Спивающаяся или уже спившаяся окончательно Россия… Пьют все, пьют всё от пива до «вискаря» и, вопреки правительственному курсу на здоровый образ жизни, не только пьют с удовольствием, но и гонят самогон. Свободное от морали и строгих законов советского времени с уголовной ответственностью за самогоноварение сменилось долгожданной свободой: в магазинах рыночного времени появились даже заводского изготовления перегонные аппараты. Гони, сколько твоей душеньке угодно! Не знаю, какой технологией изготовления самогона пользовался Корин, бывший преподаватель (рассказ «Лес»), был ли у него усовершенствованный перегонный аппарат или исконно русский медный змеевик для «первачка» – это Прилепин не уточняет, – но сам факт…
«– Между прочим, – рычаще говорил Корин, – не далее как позавчера я задёшево, практически за так, отдал этим археологам тридцать литров чистейшего самогона. (…)
Захар, с каким наслажденьем я выпью сейчас сто грамм! (…) Я даже не буду закусывать, Захар! Я выпью, закрою глаза и пойму что-то важное. То, что ты, Захар, уже, кажется, понял! А я ещё нет, Захар! Мне нужно всего сто грамм для полноты осознания». (Захар – это не автор рассказа, а по сюжету его отец. – Т.Л.)
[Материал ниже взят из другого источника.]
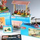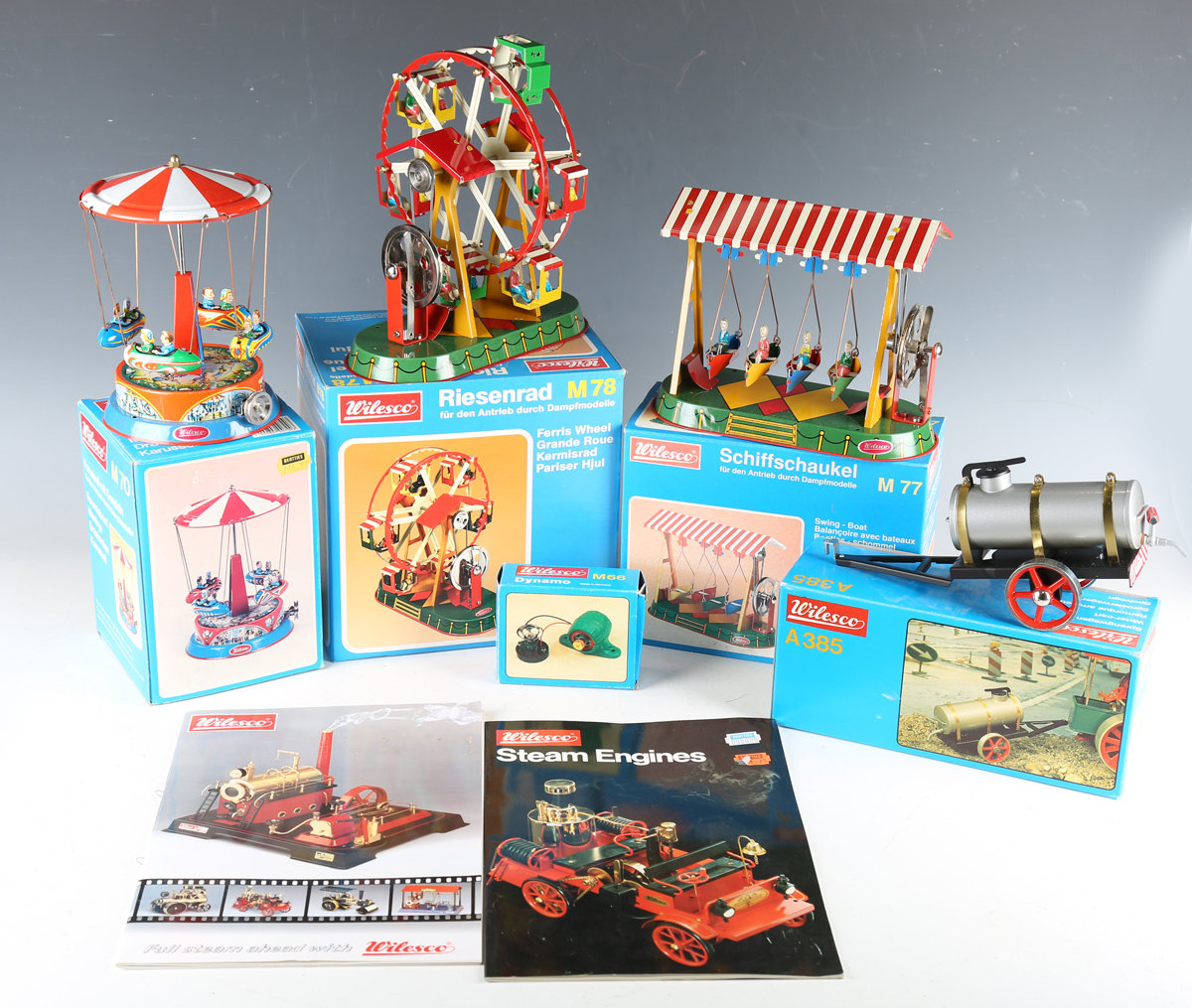 Six Wilesco accessories, comprising M78 Ferris wheel, M70 roundabout, M57 transmission, M77 swing-boat, M66 dynamo and A385 watercart, all boxed (some boxes creased, torn and scuffed).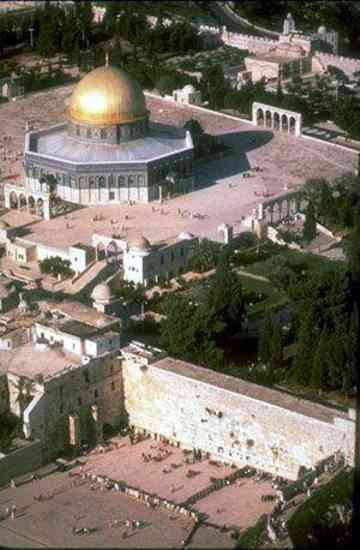 The Wailing Wall (foreground) and the Dome of the Rock (top). |
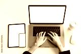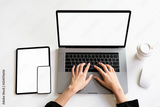 Woman using laptop and tablet, phone placed on the table, mock up of blank screen. Concept of future and trend internet for easy access to information.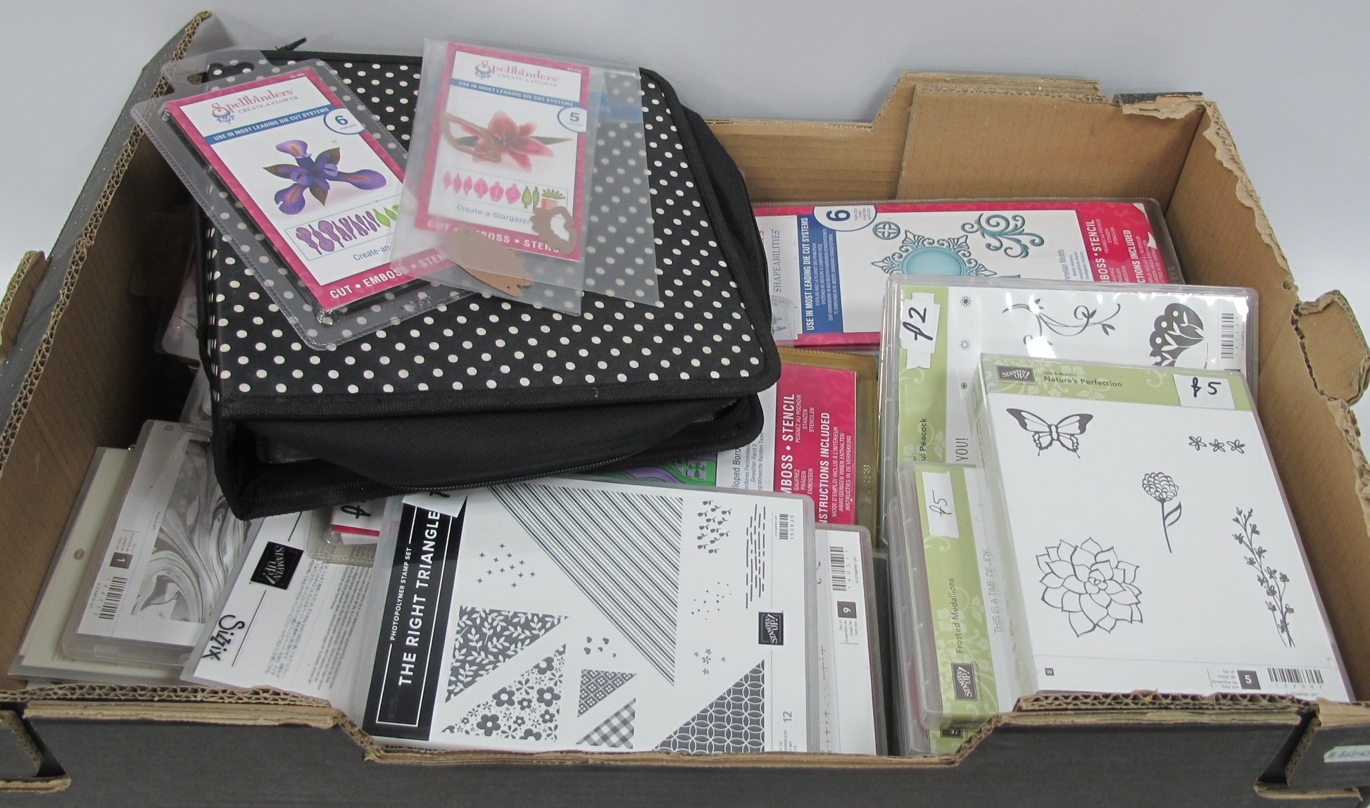 Crafting Tools in Large Quantity, including stamps, dies and shapes in wood and metal, mostly unused:- One Box.

Будучи реалистом, и особенно в своих воспоминаниях, Прилепин очень точно передал отношение «простых» людей к книге, – наставлению, учебнику, почти как к библии. Неграмотная крестьянка, бабушка автора, недоумевает: «Как же он так сердце своё надорвал? – говорила она удивлённо и горько. – Зачем так пил много? Он же столько книг прочёл! Разве там не учат, как надо жить? Что пить не надо, разве там не написано?». О, наивность «простых» людей, далёких от слоя творческой интеллигенции и взирающих на писателей как на мудрецов, как на божества в ожидании того, что они научат их «жить»! Может, и научат, но вопрос чему.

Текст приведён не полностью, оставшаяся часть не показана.